== RECORDS

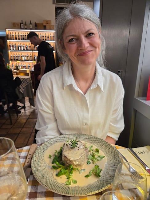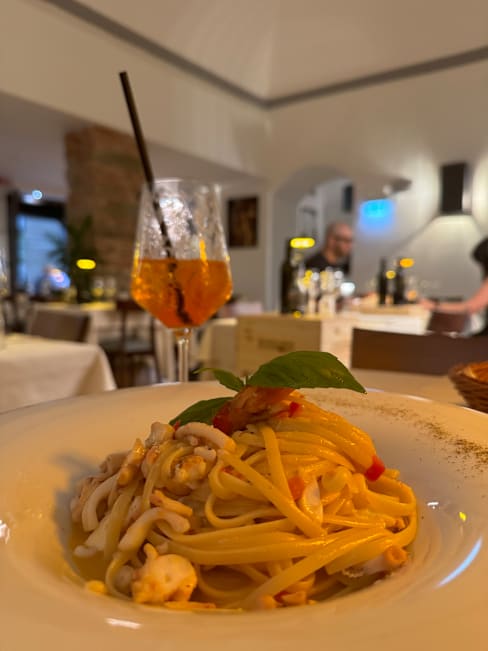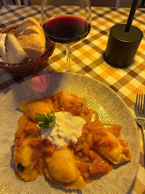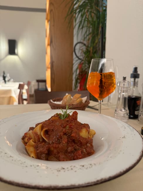 7.5/10Nice setting, conveniently located to many of the main attractions and our hotel, though not in a quieter location.. Staff was friendly and accommodating though there was an obvious mixup as our Andrey arrived. 25+ minutes after our starter was cleared. Food was generally well executed - particularly the tagliatelle ragout - (veggies w our sea bass were salty) but was disappointed that they have such a strong (if pricey) selection of bottled wines with only a handful of unnamed wines by the glass. Took a sip of a Chianti served at room temperature and had to send it back. Disappointing on our last night, would like to see them offer some by-the-glass wines good enough to name as wine is a big part of our meals and Italian life in general. I typically would’ve ordered a bottle and finished it off after dinner, but we had an early morning flight home.
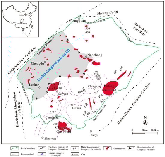 Geological sketch map of the Sichuan Basin, showing the locations of the major shale gas blocks, isolines of Ro values, and the shale thickness of the Longmaxi Formation (created by Cao et al. [56]).
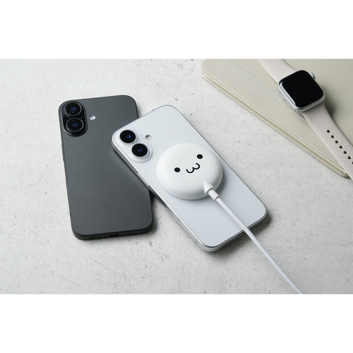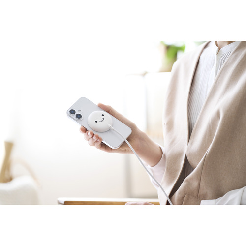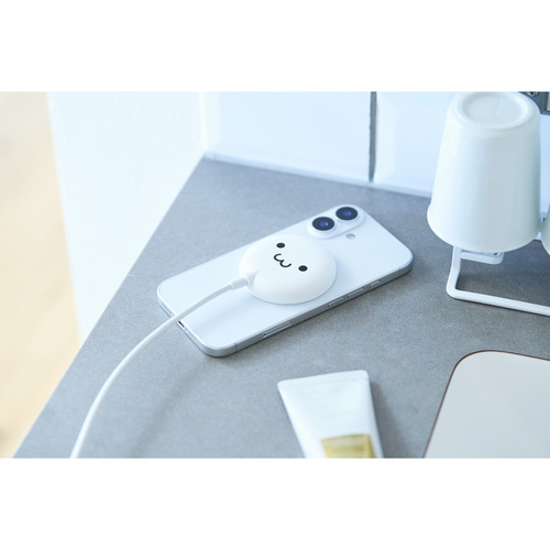 ●マグネットでQi2対応スマートフォンに固定するだけで充電できる、Qi2規格対応のワイヤレス充電器です。マグネットで背面にぴったりくっつくため、ワイヤレス充電中のスマホ操作も楽にできます。最大出力は15Wです。ポップなカラーも揃えたラインアップで、お気に入りを選んで使えます。かわいいしろちゃんモデルです。
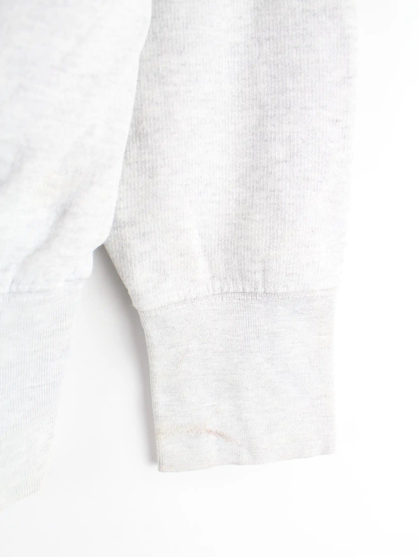 Grauer Vintage Sweater aus den 90'ern in Größe L. Er ist aus einer Baumwollmischung gefertigt. Den Zustand würden wir als 'In Ordnung' bezeichnen (vergl. Bilder).
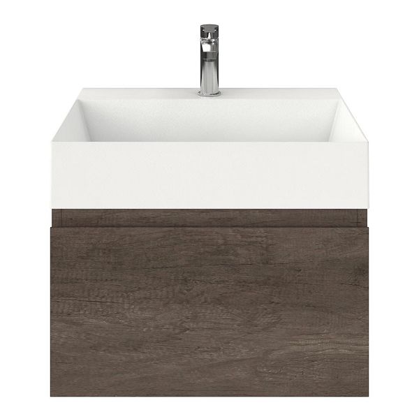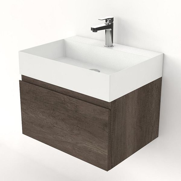 Greeploos badkamermeubel in de kleur olm donker grijs is 60 cm breed. De wastafel is vervaardig in keramiek en heeft de kleur wit mat keramiek. Dit badkamermeubel met deze wastafel is leverbaar tussen de 60 cm t/m 160 cm
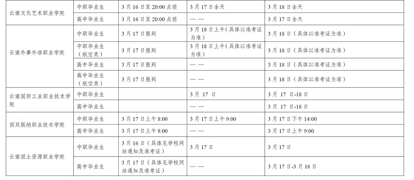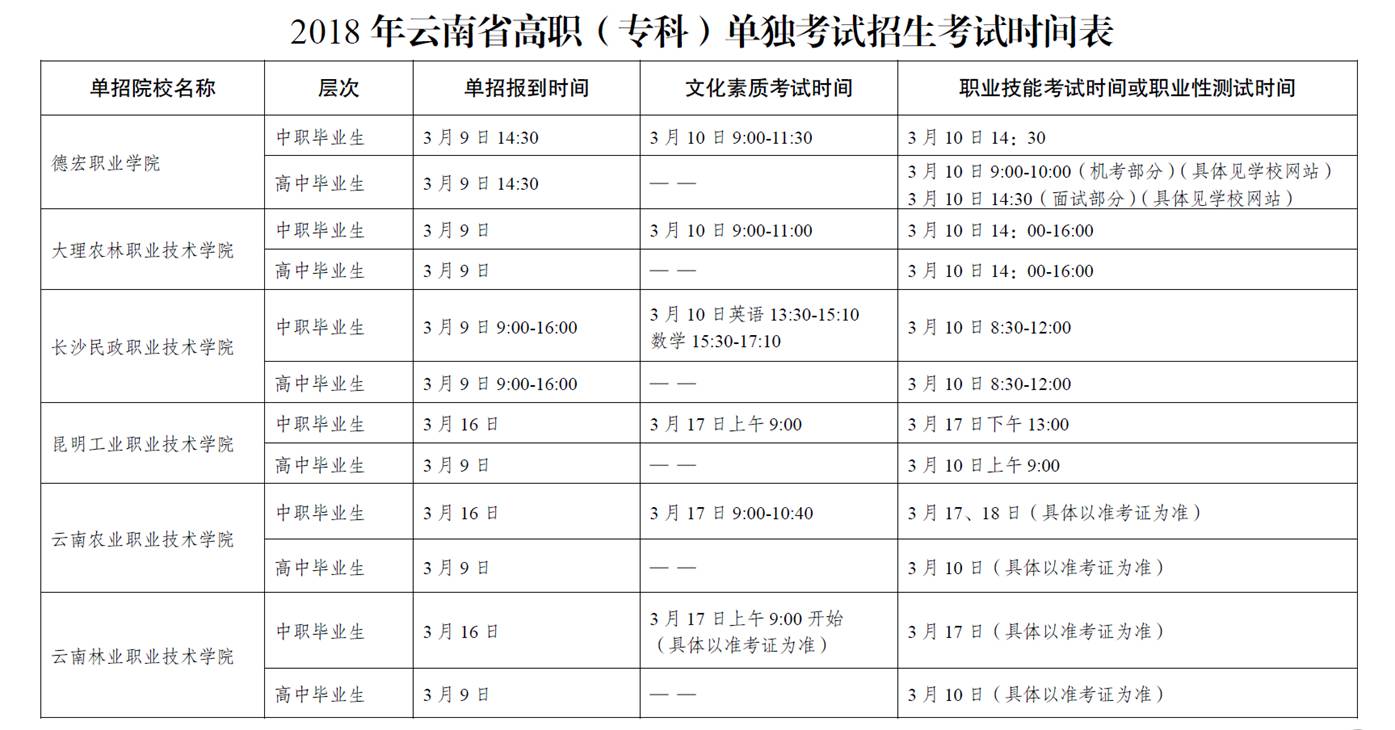 2018年云南省高职(专科)单独考试招生考试时间表
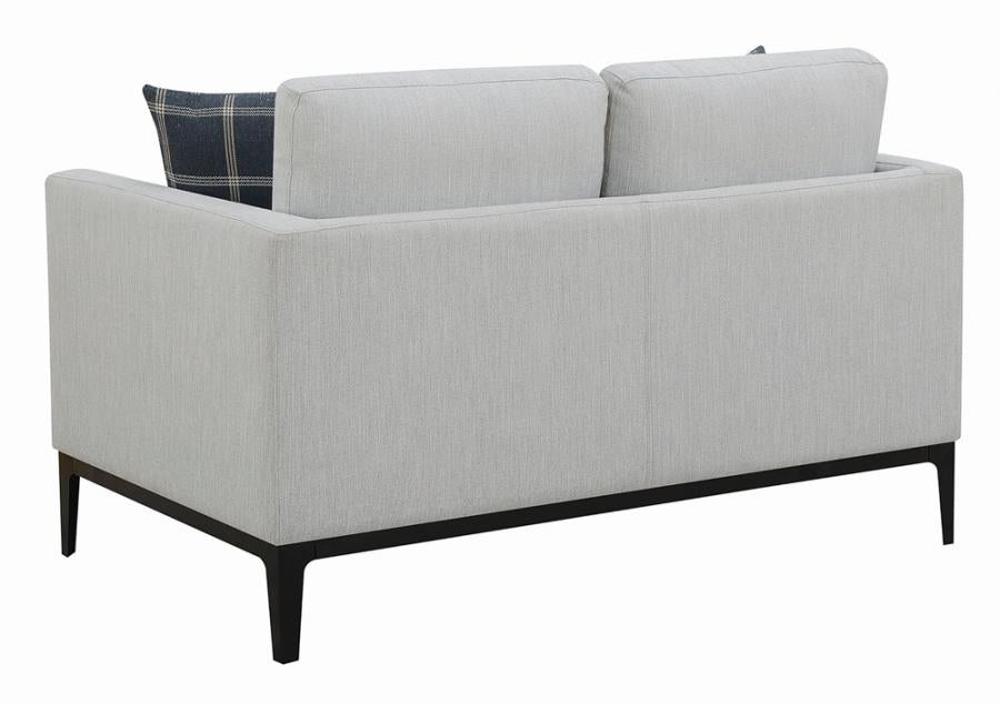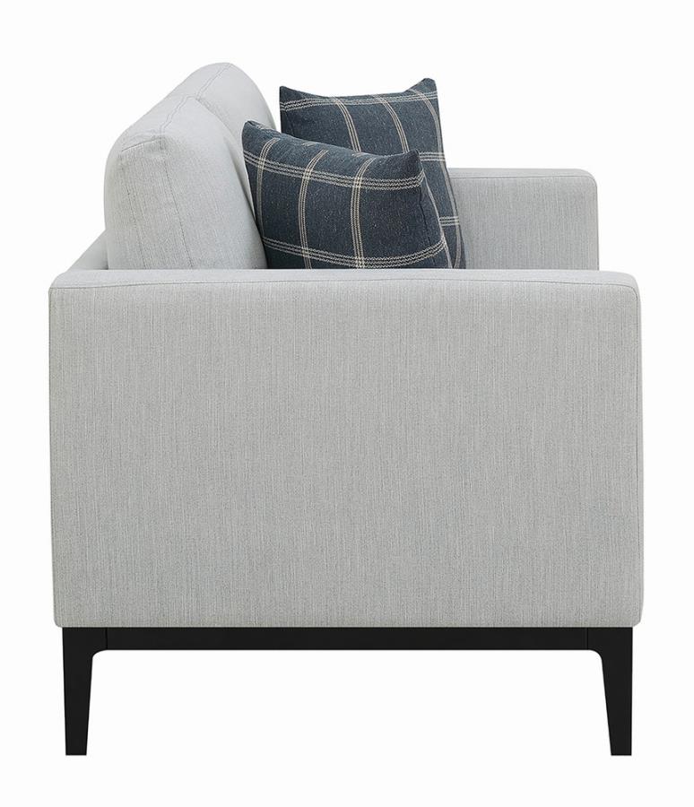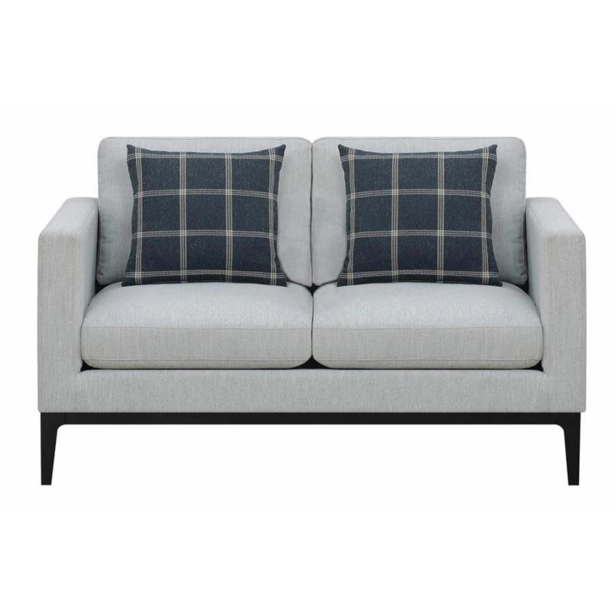 This loveseat is the ultimate in casual comfort. With a soft, plush back and seat cushions, it offers hours of soothing relaxation. Its lovely, muted shade of light grey blends effortlessly with a variety of color palettes. Two dark accent pillows with a pleasing plaid pattern provide a lovely contrast to its frame. This loveseat is a beautiful enhancement to any living room's decor.
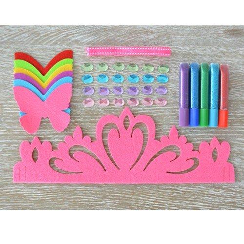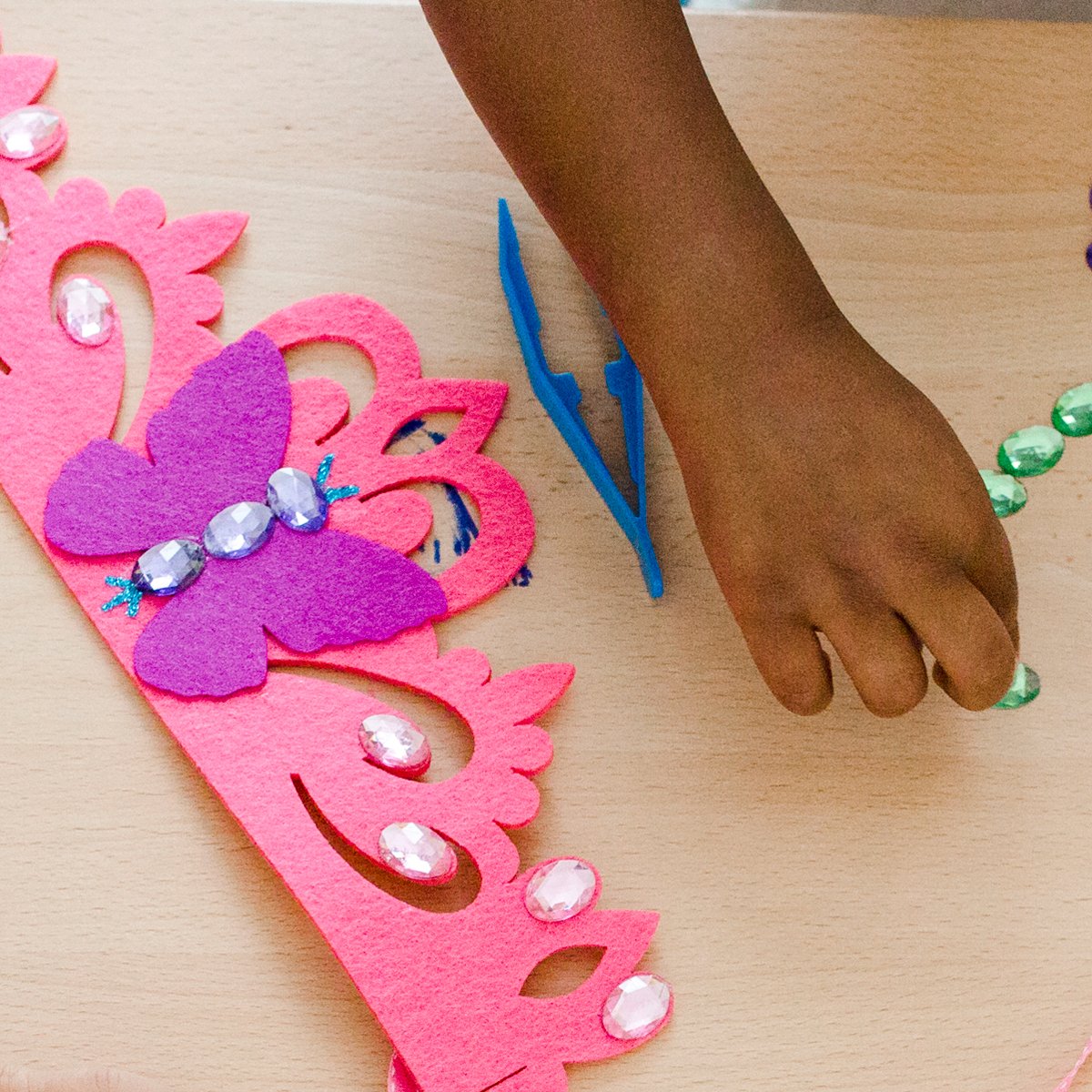 Look majestic with your very own custom princess crown. Let your royal self shine with this beautiful headpiece adorned on your head. Our DIY kit comes with pre-cut felt butterflies, colorful gemstones, and ribbon to design your own sparkly creation.

====

Pictures are to be left out when the entries above are repeated exactly.

 7.5/10Nice setting, conveniently located to many of the main attractions and our hotel, though not in a quieter location.. Staff was friendly and accommodating though there was an obvious mixup as our Andrey arrived. 25+ minutes after our starter was cleared. Food was generally well executed - particularly the tagliatelle ragout - (veggies w our sea bass were salty) but was disappointed that they have such a strong (if pricey) selection of bottled wines with only a handful of unnamed wines by the glass. Took a sip of a Chianti served at room temperature and had to send it back. Disappointing on our last night, would like to see them offer some by-the-glass wines good enough to name as wine is a big part of our meals and Italian life in general. I typically would’ve ordered a bottle and finished it off after dinner, but we had an early morning flight home.
 Geological sketch map of the Sichuan Basin, showing the locations of the major shale gas blocks, isolines of Ro values, and the shale thickness of the Longmaxi Formation (created by Cao et al. [56]).
 ●マグネットでQi2対応スマートフォンに固定するだけで充電できる、Qi2規格対応のワイヤレス充電器です。マグネットで背面にぴったりくっつくため、ワイヤレス充電中のスマホ操作も楽にできます。最大出力は15Wです。ポップなカラーも揃えたラインアップで、お気に入りを選んで使えます。かわいいしろちゃんモデルです。
 Grauer Vintage Sweater aus den 90'ern in Größe L. Er ist aus einer Baumwollmischung gefertigt. Den Zustand würden wir als 'In Ordnung' bezeichnen (vergl. Bilder).
 Greeploos badkamermeubel in de kleur olm donker grijs is 60 cm breed. De wastafel is vervaardig in keramiek en heeft de kleur wit mat keramiek. Dit badkamermeubel met deze wastafel is leverbaar tussen de 60 cm t/m 160 cm
 2018年云南省高职(专科)单独考试招生考试时间表
 This loveseat is the ultimate in casual comfort. With a soft, plush back and seat cushions, it offers hours of soothing relaxation. Its lovely, muted shade of light grey blends effortlessly with a variety of color palettes. Two dark accent pillows with a pleasing plaid pattern provide a lovely contrast to its frame. This loveseat is a beautiful enhancement to any living room's decor.
 Look majestic with your very own custom princess crown. Let your royal self shine with this beautiful headpiece adorned on your head. Our DIY kit comes with pre-cut felt butterflies, colorful gemstones, and ribbon to design your own sparkly creation.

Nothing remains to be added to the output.